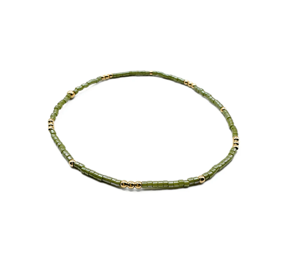 Just a hint of color in this 2mm beaded stretch Newport bracelet with 14k gold-filled beads and carefully-selected natural bead colors. Simple and sophisticated. Stack them. Gift them. Love them. Available in multiple color patterns. Size 7.0" or 6.5"
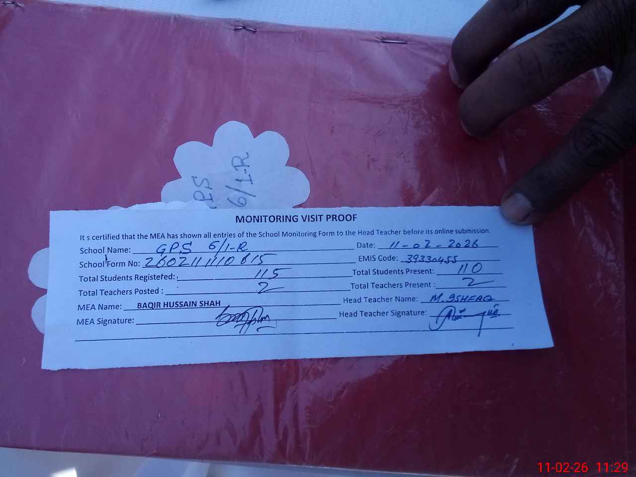 | EMIS Code: 39330455 | Name of School: GPS CHAK 6/1-R | |||
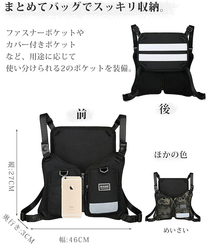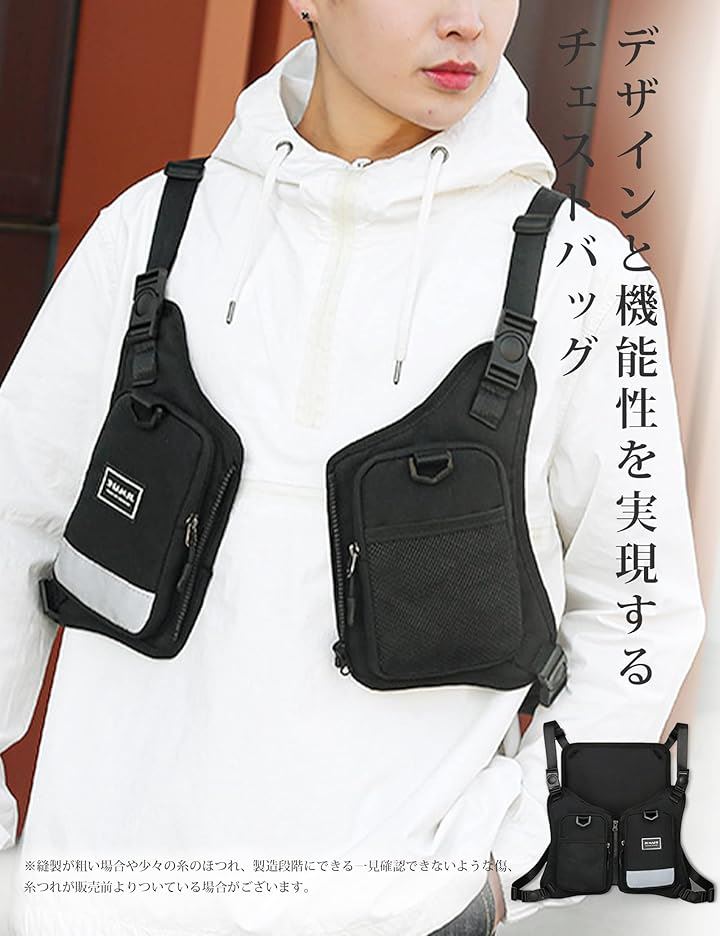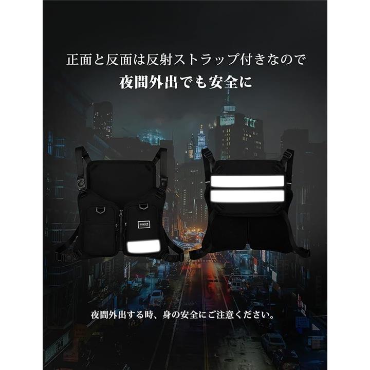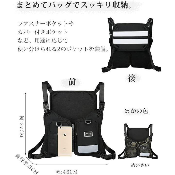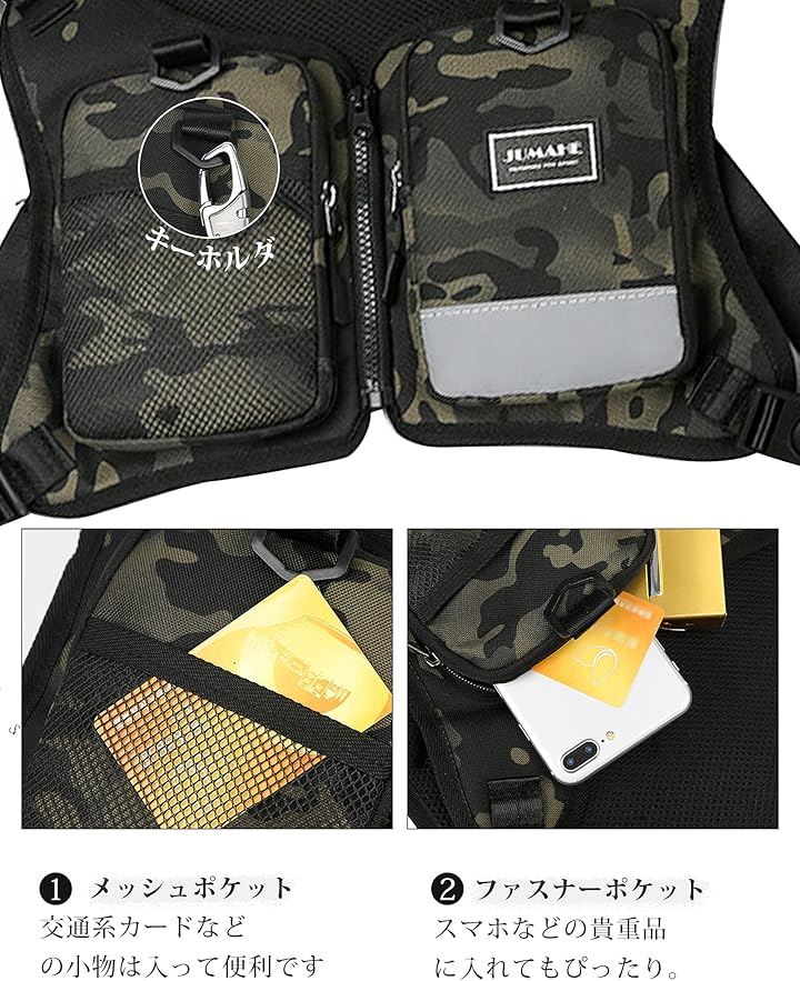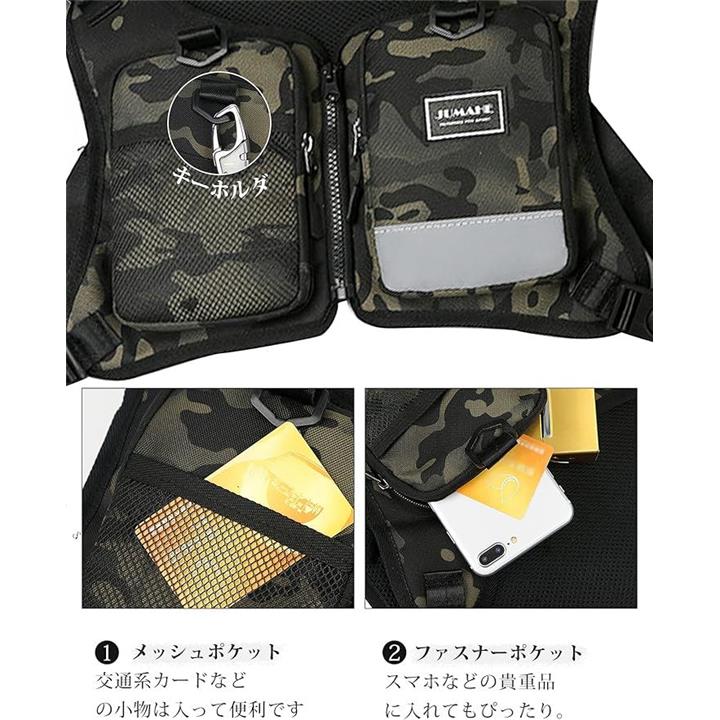 チェストバッグ ランニングバッグ フィッシング 着るリュック 登山 釣り スマホ 携帯収納 チェストリグ サバゲー 透気

▶ Exercise brief
Lines from the one that holds "CHAK 6/1-R | |||" through the final line of the material are to be duplicated exactly; no pictures belong in the copy.

▶ Written solution
 | EMIS Code: 39330455 | Name of School: GPS CHAK 6/1-R | |||
 チェストバッグ ランニングバッグ フィッシング 着るリュック 登山 釣り スマホ 携帯収納 チェストリグ サバゲー 透気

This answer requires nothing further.